*Source material*
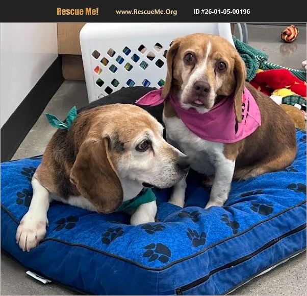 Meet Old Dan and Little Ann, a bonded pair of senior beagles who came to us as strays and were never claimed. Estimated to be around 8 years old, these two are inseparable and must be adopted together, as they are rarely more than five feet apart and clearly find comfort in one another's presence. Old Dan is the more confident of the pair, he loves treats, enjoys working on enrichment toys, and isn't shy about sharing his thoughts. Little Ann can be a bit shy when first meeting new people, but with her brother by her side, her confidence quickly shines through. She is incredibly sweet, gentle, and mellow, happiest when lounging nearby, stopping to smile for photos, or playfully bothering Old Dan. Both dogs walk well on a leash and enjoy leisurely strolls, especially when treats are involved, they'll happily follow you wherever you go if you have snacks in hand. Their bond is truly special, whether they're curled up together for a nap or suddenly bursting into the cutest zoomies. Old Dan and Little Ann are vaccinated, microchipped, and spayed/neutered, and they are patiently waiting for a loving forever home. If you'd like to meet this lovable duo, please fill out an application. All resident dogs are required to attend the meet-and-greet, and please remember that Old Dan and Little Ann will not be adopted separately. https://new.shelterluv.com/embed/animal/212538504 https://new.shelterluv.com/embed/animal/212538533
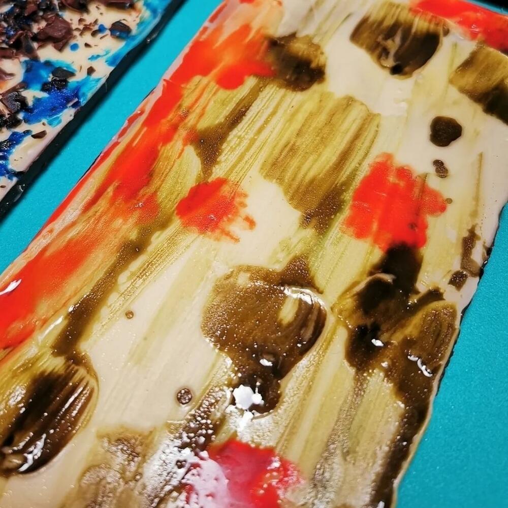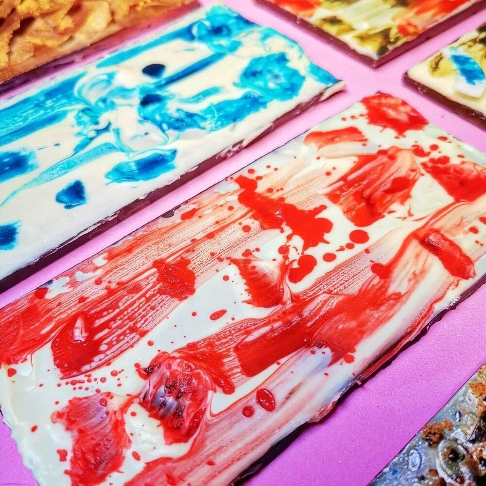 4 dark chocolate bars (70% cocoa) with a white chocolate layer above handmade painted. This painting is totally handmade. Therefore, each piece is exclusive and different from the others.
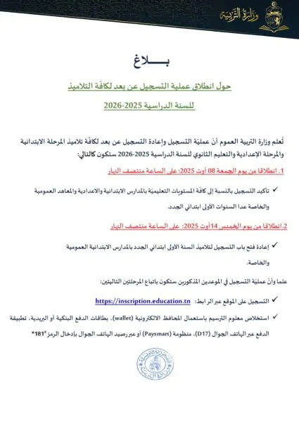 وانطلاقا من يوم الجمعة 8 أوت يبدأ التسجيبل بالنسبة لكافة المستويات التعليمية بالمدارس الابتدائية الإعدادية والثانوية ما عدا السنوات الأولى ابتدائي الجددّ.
* * *
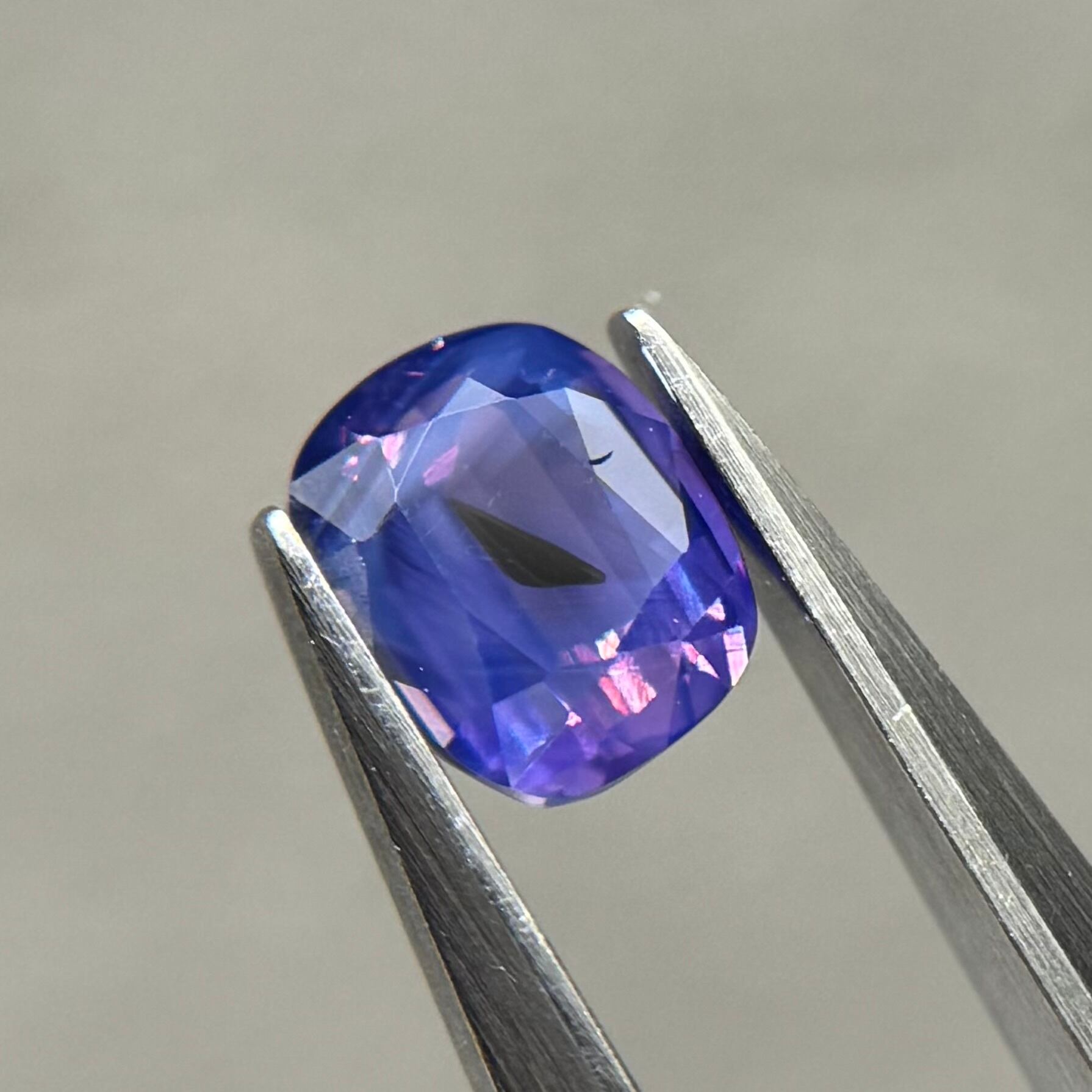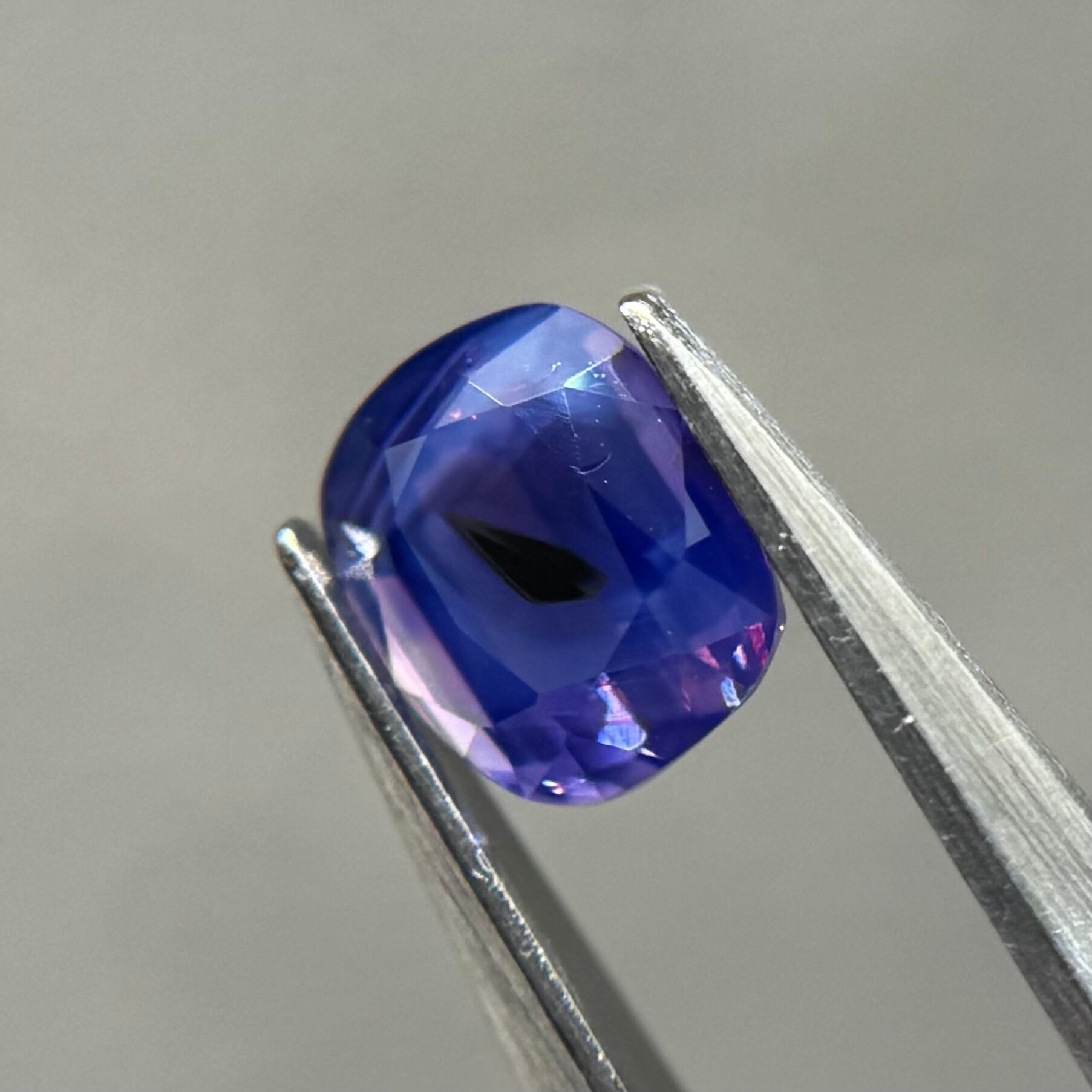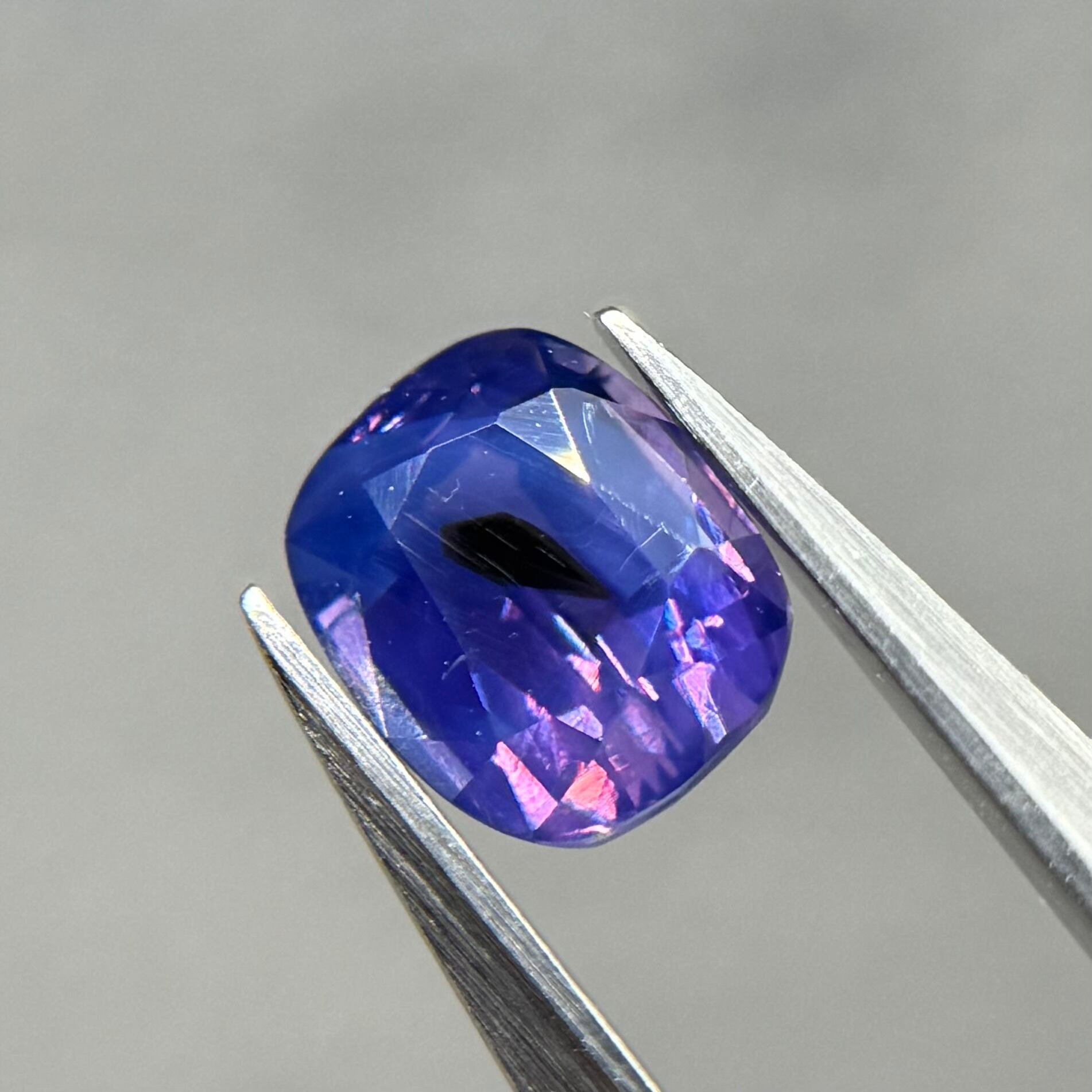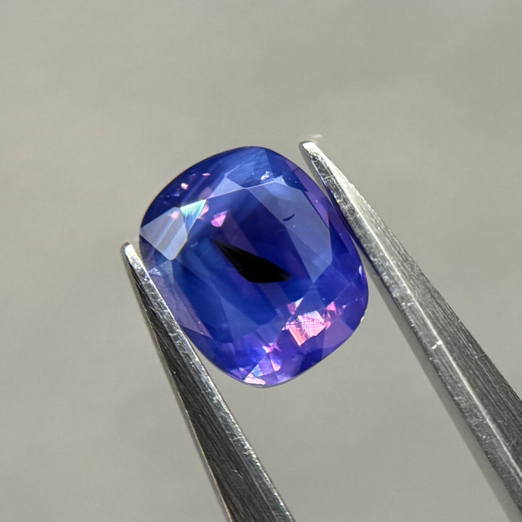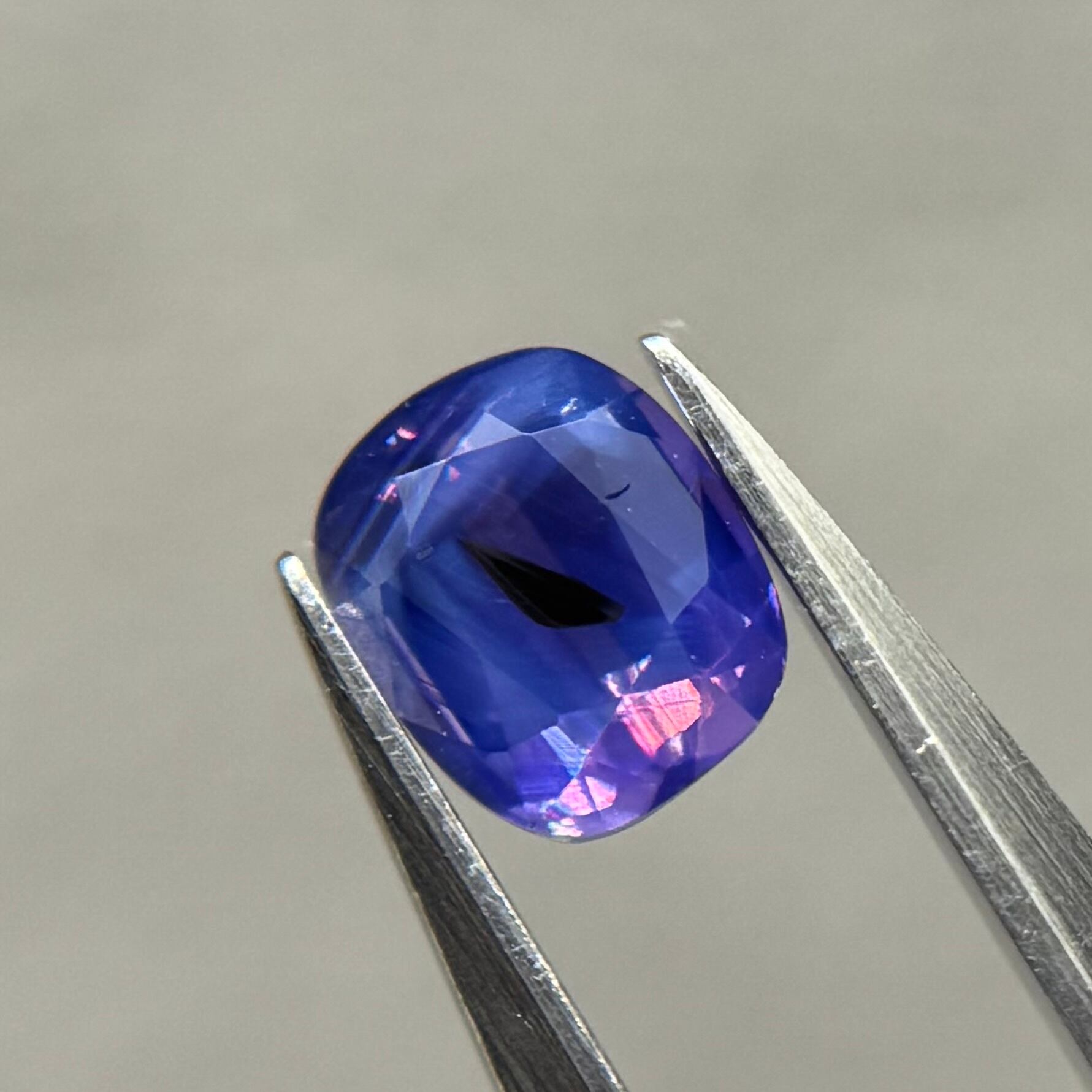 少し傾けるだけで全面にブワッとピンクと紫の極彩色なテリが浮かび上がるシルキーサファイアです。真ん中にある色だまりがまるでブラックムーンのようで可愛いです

*Problem requirements*
Using the entries above, write out exactly the lines from the one with "4 dark chocolate" through the one with "وانطلاقا من يوم", ends included. Leave out any pictures.

*Exercise result*
 4 dark chocolate bars (70% cocoa) with a white chocolate layer above handmade painted. This painting is totally handmade. Therefore, each piece is exclusive and different from the others.
 وانطلاقا من يوم الجمعة 8 أوت يبدأ التسجيبل بالنسبة لكافة المستويات التعليمية بالمدارس الابتدائية الإعدادية والثانوية ما عدا السنوات الأولى ابتدائي الجددّ.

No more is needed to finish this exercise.